Data below:
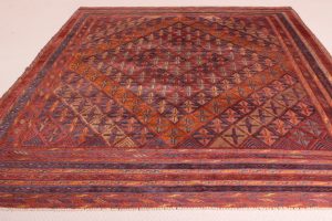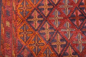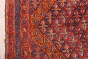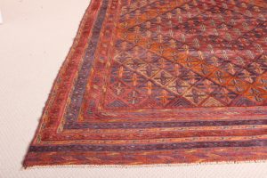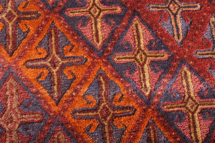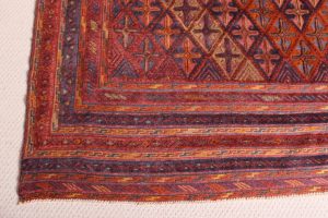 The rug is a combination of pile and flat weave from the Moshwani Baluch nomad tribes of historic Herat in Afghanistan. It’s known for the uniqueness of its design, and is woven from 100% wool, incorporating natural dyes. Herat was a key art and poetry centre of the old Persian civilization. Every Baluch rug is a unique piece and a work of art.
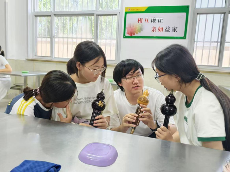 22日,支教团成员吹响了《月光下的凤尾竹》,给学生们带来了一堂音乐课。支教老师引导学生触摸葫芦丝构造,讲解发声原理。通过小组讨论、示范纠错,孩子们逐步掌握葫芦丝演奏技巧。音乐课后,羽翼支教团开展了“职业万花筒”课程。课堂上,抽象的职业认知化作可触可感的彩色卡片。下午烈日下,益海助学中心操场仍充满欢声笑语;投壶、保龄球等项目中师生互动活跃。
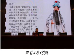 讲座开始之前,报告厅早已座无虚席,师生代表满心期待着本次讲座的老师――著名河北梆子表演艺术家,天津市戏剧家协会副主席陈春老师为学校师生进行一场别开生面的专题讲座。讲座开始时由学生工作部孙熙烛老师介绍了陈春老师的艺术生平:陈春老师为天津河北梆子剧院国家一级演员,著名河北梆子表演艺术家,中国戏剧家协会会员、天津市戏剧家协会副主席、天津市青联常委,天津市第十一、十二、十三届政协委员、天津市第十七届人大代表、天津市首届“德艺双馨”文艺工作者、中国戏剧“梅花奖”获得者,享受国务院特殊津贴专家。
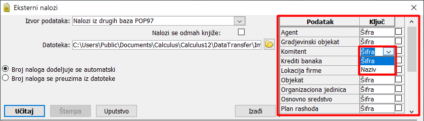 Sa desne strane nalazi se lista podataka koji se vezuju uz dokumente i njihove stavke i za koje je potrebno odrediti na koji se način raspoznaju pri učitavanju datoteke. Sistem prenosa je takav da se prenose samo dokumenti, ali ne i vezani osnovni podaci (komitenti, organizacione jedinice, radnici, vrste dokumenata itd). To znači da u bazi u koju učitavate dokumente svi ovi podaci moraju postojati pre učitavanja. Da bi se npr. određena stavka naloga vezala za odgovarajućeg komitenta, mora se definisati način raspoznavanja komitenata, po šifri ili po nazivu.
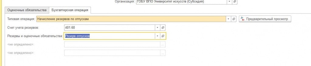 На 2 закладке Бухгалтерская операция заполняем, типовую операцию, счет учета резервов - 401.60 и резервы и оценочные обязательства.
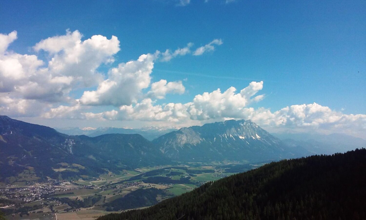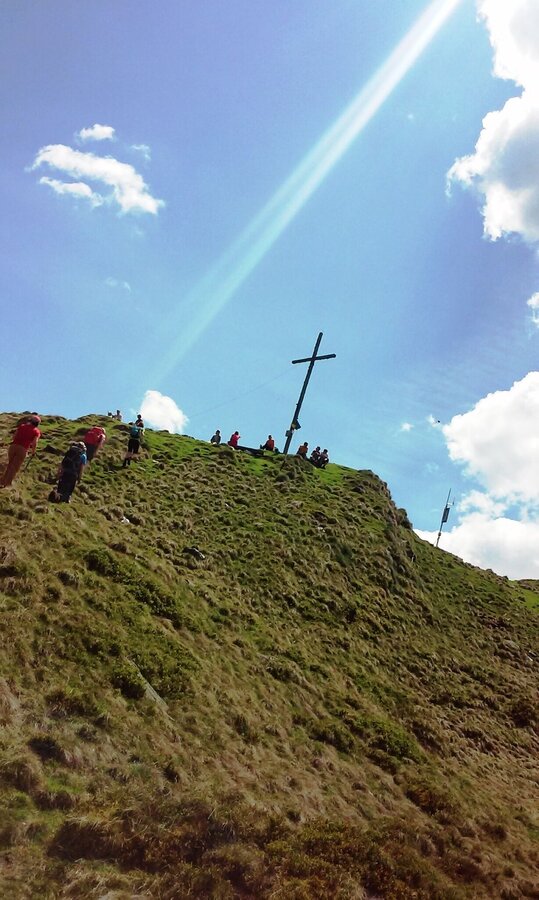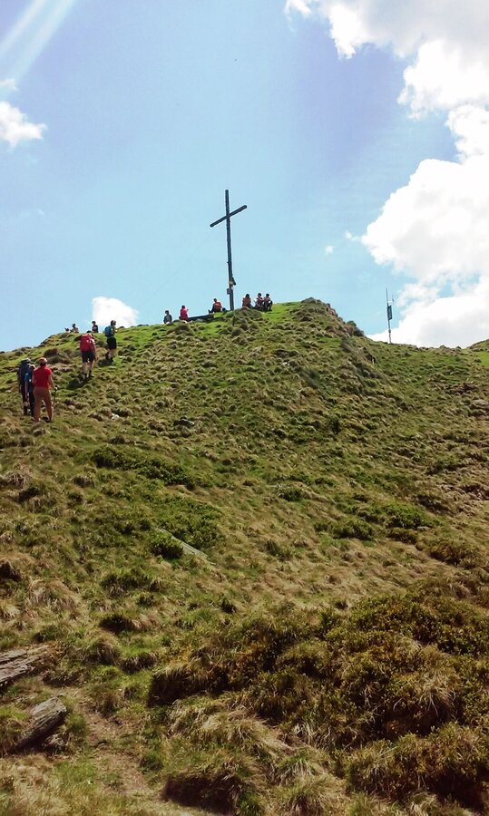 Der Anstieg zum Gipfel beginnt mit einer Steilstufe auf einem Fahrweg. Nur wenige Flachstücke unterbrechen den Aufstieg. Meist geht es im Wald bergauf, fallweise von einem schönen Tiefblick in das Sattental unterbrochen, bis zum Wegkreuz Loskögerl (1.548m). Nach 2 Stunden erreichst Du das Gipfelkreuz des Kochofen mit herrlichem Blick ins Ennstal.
End of Data.
Data below:
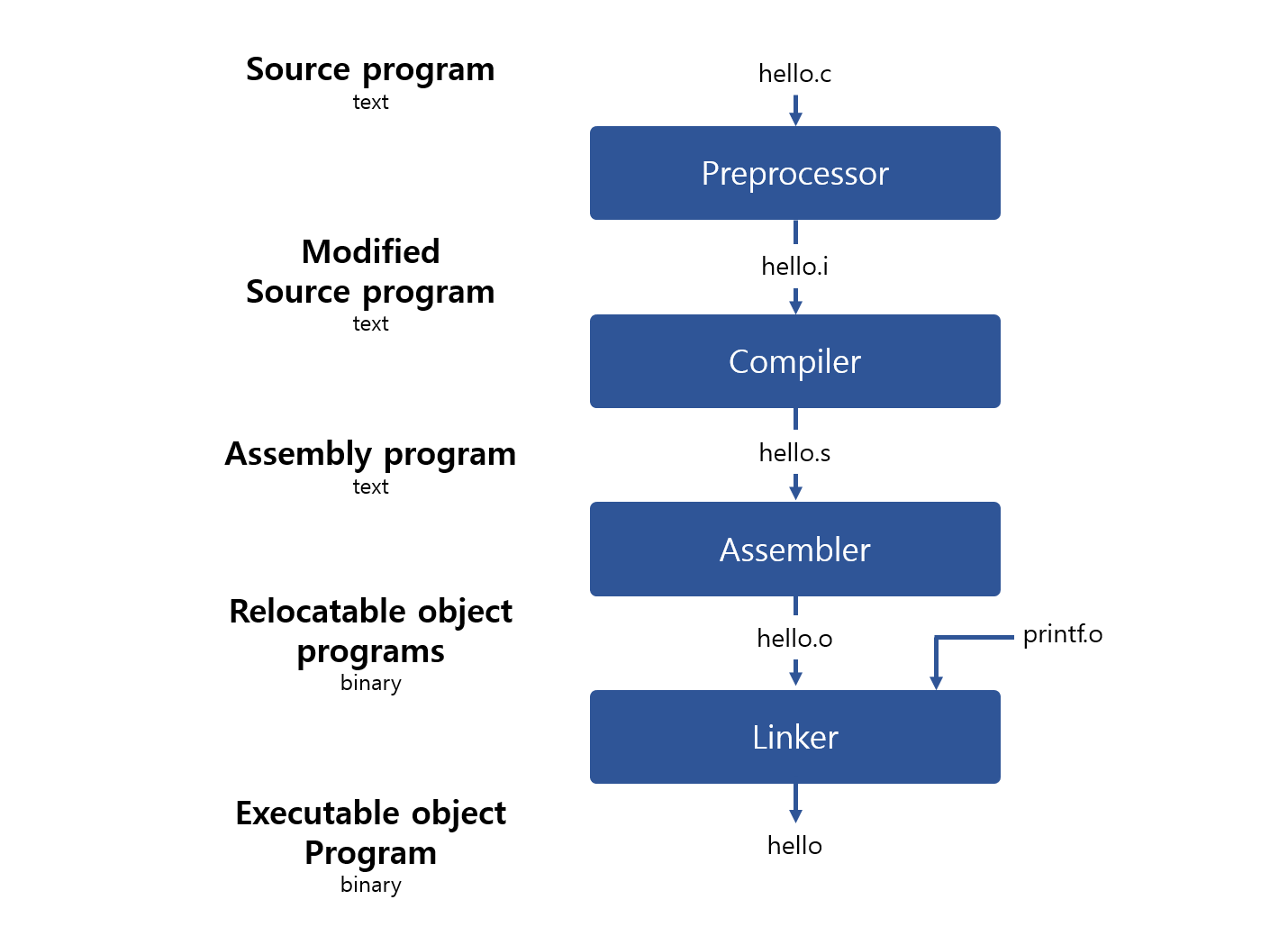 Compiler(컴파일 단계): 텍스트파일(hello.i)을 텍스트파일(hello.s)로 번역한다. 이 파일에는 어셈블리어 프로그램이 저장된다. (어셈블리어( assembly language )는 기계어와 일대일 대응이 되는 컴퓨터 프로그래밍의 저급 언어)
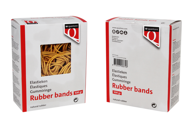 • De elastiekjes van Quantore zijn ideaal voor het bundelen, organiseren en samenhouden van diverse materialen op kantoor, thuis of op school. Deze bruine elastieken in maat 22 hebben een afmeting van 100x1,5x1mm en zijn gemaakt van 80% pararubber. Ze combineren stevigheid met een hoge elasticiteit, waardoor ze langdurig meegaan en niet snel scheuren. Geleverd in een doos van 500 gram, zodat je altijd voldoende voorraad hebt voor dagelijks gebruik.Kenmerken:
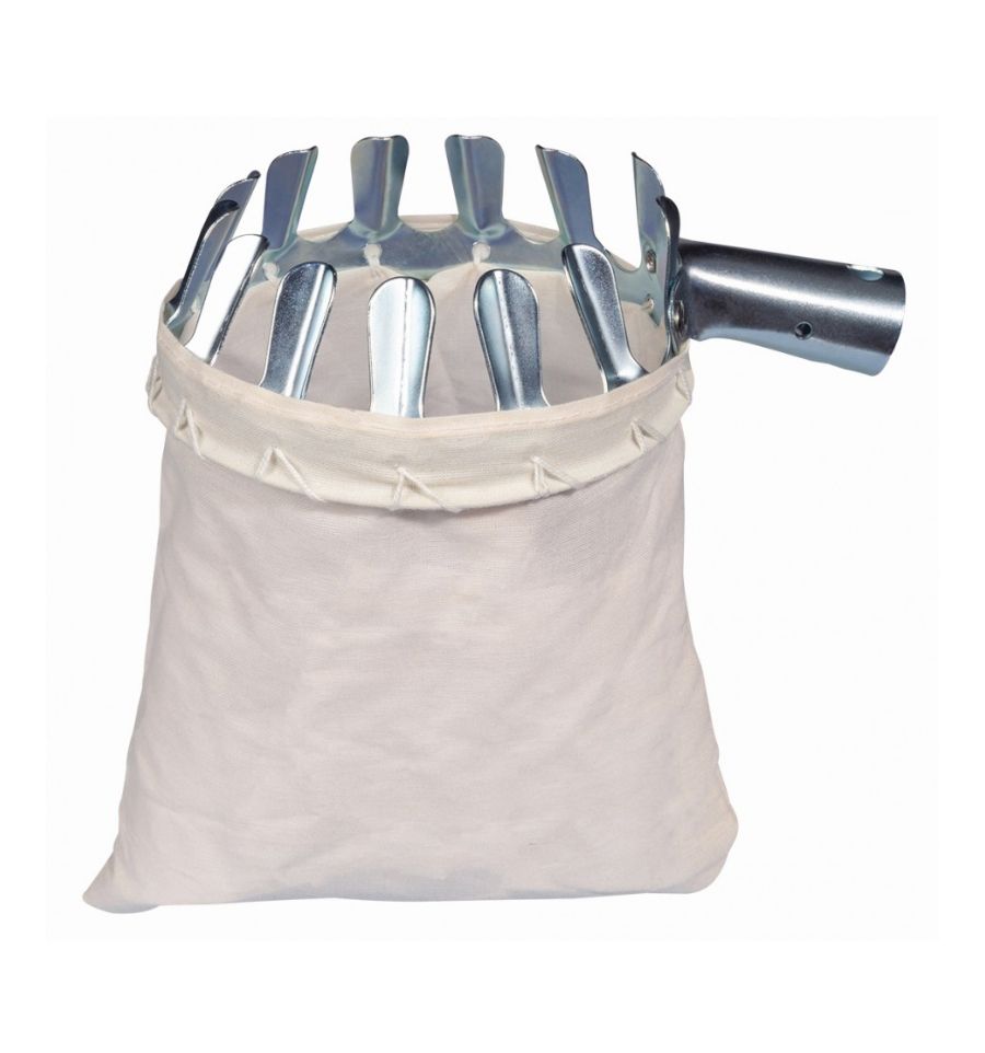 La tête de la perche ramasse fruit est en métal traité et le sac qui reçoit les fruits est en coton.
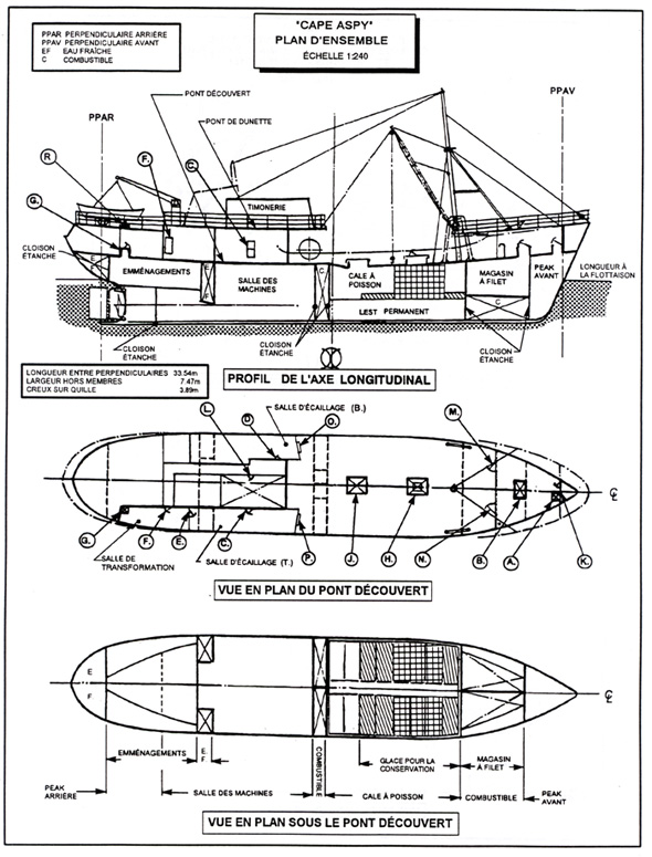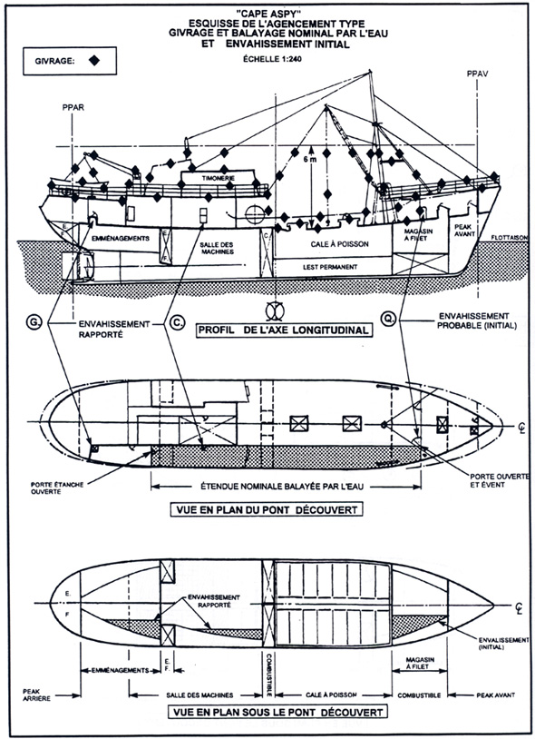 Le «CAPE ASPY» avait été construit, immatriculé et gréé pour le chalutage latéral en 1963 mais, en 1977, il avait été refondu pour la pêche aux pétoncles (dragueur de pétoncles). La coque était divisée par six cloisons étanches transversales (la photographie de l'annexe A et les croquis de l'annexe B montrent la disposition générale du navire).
End of Data.
Data below:
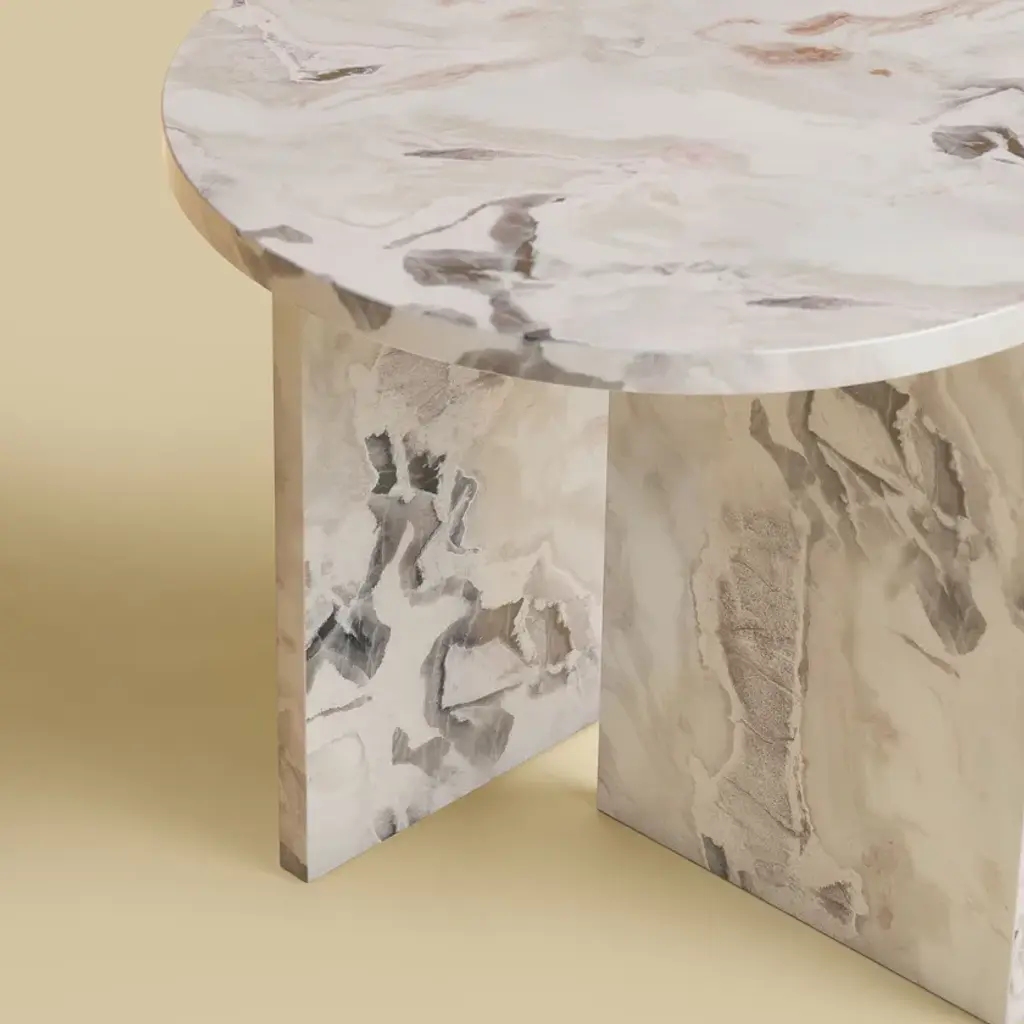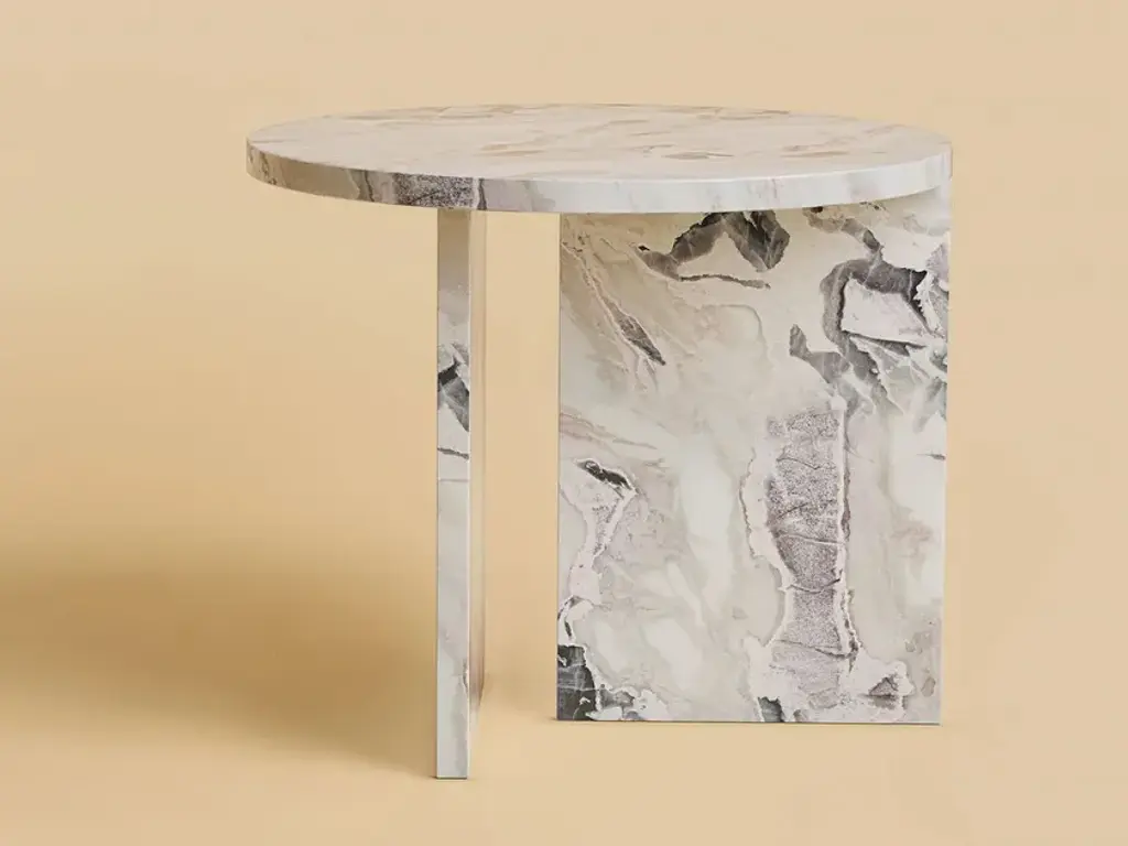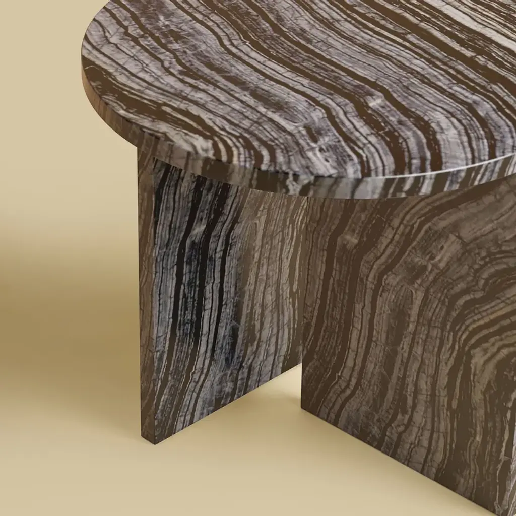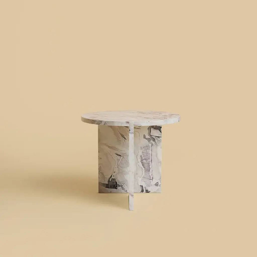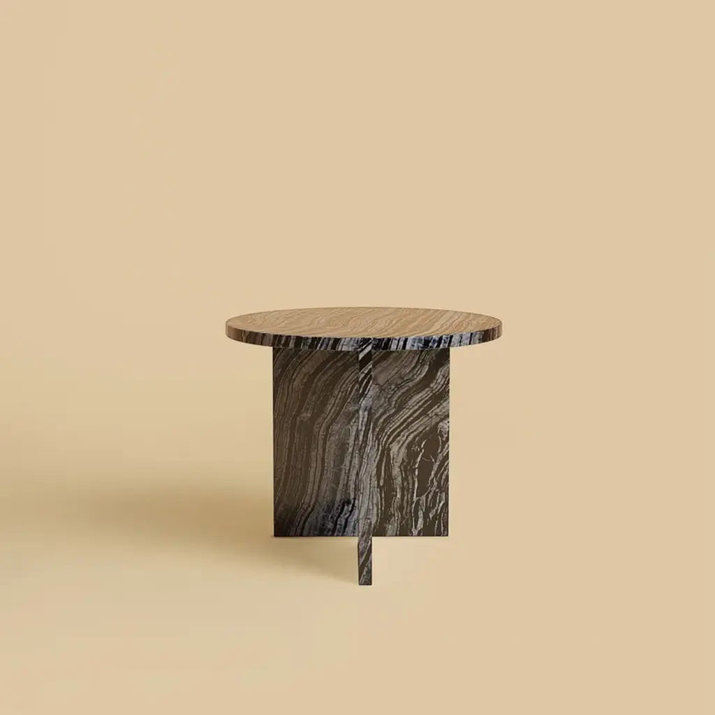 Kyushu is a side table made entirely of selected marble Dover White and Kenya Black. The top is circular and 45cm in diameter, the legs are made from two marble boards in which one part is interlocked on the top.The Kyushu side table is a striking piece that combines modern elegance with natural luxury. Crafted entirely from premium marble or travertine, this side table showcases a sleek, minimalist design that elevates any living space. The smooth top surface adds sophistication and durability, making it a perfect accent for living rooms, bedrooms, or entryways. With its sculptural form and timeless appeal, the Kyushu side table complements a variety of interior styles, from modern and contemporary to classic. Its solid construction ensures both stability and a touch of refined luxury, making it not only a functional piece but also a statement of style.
End of Data.
## What the task asks
Give again the stretch of lines above from the one with "Compiler(컴파일 단계): 텍스트파일(hello.i)을" through the one with "générale du navire).", both ends kept, and copy no pictures.

## Exercise answer
 Compiler(컴파일 단계): 텍스트파일(hello.i)을 텍스트파일(hello.s)로 번역한다. 이 파일에는 어셈블리어 프로그램이 저장된다. (어셈블리어( assembly language )는 기계어와 일대일 대응이 되는 컴퓨터 프로그래밍의 저급 언어)
 • De elastiekjes van Quantore zijn ideaal voor het bundelen, organiseren en samenhouden van diverse materialen op kantoor, thuis of op school. Deze bruine elastieken in maat 22 hebben een afmeting van 100x1,5x1mm en zijn gemaakt van 80% pararubber. Ze combineren stevigheid met een hoge elasticiteit, waardoor ze langdurig meegaan en niet snel scheuren. Geleverd in een doos van 500 gram, zodat je altijd voldoende voorraad hebt voor dagelijks gebruik.Kenmerken:
 La tête de la perche ramasse fruit est en métal traité et le sac qui reçoit les fruits est en coton.
 Le «CAPE ASPY» avait été construit, immatriculé et gréé pour le chalutage latéral en 1963 mais, en 1977, il avait été refondu pour la pêche aux pétoncles (dragueur de pétoncles). La coque était divisée par six cloisons étanches transversales (la photographie de l'annexe A et les croquis de l'annexe B montrent la disposition générale du navire).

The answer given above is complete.